---- MATERIAL FOR THIS EXERCISE

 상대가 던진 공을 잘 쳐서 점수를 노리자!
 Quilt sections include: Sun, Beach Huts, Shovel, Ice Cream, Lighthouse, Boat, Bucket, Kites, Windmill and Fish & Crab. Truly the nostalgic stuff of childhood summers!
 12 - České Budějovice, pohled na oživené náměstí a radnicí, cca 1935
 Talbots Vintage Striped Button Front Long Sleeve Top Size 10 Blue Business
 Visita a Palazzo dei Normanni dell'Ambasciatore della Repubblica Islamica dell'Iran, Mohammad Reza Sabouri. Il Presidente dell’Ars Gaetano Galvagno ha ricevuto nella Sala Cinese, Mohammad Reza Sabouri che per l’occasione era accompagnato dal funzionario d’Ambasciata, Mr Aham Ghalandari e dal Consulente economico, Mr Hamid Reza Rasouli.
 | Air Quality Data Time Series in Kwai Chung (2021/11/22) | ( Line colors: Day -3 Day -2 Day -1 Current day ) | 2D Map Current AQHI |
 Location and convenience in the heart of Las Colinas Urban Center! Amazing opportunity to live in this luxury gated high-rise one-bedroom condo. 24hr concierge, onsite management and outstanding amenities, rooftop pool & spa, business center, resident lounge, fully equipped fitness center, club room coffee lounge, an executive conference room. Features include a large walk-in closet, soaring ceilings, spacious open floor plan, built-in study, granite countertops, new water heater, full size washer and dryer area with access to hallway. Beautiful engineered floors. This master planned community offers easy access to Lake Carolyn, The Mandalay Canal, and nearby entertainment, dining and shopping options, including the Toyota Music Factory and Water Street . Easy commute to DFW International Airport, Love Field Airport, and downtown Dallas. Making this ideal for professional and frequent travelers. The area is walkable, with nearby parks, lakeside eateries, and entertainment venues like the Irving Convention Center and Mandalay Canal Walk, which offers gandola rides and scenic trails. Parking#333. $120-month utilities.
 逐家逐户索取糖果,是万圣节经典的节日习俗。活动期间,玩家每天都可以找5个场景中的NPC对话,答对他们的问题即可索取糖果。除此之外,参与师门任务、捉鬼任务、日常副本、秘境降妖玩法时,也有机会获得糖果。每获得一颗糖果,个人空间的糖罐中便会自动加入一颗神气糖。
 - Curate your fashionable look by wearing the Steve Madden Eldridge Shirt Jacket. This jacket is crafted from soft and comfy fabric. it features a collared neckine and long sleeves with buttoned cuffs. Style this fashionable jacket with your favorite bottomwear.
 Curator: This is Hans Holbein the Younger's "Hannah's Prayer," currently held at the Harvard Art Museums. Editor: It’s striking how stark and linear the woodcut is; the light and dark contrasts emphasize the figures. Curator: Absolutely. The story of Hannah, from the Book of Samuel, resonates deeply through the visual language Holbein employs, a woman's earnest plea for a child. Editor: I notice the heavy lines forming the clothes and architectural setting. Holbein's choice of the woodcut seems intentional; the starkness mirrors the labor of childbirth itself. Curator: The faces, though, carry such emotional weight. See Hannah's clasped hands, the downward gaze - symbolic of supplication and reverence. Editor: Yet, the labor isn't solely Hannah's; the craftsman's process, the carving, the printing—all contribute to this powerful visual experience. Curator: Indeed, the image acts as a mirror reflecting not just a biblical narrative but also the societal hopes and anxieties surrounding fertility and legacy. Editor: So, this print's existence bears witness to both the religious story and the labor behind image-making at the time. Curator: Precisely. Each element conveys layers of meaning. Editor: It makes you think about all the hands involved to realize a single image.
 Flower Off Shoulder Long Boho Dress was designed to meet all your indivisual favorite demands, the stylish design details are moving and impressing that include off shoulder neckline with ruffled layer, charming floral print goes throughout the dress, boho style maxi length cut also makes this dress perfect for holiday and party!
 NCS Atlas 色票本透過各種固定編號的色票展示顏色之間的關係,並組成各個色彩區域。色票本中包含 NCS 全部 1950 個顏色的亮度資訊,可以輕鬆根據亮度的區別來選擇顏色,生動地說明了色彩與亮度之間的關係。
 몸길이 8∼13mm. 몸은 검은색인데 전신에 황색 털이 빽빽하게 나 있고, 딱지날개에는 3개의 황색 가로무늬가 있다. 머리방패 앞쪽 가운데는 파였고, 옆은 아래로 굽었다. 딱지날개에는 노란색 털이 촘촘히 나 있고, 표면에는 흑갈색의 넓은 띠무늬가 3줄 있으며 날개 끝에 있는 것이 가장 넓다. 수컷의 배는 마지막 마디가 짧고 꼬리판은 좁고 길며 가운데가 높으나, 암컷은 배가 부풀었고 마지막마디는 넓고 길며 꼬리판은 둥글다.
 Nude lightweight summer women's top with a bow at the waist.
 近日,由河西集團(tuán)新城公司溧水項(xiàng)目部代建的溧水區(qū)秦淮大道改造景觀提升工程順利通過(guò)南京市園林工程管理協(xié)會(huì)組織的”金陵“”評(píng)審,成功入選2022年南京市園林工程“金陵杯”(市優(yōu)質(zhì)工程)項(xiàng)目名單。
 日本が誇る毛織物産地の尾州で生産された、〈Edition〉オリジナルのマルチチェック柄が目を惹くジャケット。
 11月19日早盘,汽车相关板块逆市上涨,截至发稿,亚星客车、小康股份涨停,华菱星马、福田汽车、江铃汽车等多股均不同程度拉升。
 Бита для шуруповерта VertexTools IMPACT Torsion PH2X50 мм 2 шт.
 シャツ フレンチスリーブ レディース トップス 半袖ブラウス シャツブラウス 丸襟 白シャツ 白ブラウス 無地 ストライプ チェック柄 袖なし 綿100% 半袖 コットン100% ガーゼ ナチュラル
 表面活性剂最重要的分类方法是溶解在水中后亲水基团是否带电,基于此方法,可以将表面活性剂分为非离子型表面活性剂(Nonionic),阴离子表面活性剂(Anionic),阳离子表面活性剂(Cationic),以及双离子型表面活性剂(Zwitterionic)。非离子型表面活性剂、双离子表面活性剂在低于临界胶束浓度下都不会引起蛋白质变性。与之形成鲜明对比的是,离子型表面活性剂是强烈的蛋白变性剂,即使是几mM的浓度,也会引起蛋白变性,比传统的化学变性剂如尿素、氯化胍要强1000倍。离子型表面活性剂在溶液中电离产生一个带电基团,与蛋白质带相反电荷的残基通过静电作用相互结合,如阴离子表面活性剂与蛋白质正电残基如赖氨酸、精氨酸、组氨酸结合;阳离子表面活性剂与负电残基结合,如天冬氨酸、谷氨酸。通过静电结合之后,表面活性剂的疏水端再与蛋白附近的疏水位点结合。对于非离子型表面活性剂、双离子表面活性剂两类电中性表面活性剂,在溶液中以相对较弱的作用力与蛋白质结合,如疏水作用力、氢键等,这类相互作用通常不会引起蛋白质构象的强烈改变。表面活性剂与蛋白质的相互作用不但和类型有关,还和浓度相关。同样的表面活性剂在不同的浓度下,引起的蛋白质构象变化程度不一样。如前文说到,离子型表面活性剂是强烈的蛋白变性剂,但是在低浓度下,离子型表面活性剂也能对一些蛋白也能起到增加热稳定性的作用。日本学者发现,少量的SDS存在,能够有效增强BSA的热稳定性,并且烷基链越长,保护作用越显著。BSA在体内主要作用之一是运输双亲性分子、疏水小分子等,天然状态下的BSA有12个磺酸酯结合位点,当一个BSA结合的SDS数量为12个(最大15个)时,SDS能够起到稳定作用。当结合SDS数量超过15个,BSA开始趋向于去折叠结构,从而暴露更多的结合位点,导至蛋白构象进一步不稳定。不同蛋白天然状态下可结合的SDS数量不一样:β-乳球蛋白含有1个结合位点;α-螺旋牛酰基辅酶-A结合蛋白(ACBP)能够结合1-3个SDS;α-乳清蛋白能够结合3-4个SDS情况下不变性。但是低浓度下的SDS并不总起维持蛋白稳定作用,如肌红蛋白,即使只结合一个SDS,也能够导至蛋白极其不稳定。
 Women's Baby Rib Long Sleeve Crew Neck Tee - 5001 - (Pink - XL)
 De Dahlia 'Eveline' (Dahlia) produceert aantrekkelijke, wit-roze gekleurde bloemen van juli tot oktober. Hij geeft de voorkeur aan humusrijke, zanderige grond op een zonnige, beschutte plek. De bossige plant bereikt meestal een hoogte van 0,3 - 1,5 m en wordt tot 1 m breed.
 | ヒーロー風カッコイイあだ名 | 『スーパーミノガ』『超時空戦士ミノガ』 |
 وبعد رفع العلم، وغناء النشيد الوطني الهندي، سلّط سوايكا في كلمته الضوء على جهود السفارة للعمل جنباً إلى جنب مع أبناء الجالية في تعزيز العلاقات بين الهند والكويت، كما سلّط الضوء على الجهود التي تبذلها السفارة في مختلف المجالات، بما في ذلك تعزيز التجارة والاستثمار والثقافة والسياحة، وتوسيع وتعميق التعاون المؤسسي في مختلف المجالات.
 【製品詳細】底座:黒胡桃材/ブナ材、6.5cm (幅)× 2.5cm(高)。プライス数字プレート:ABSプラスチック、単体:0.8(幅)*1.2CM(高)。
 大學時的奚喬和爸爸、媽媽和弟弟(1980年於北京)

--------

Take the stretch of lines above from the one containing "Quilt sections include: Sun, Beach" through the one containing "12 - České Budějovice, pohled" and repeat it exactly, adding no other line.

● REPLY TO THE TASK:
 Quilt sections include: Sun, Beach Huts, Shovel, Ice Cream, Lighthouse, Boat, Bucket, Kites, Windmill and Fish & Crab. Truly the nostalgic stuff of childhood summers!
 12 - České Budějovice, pohled na oživené náměstí a radnicí, cca 1935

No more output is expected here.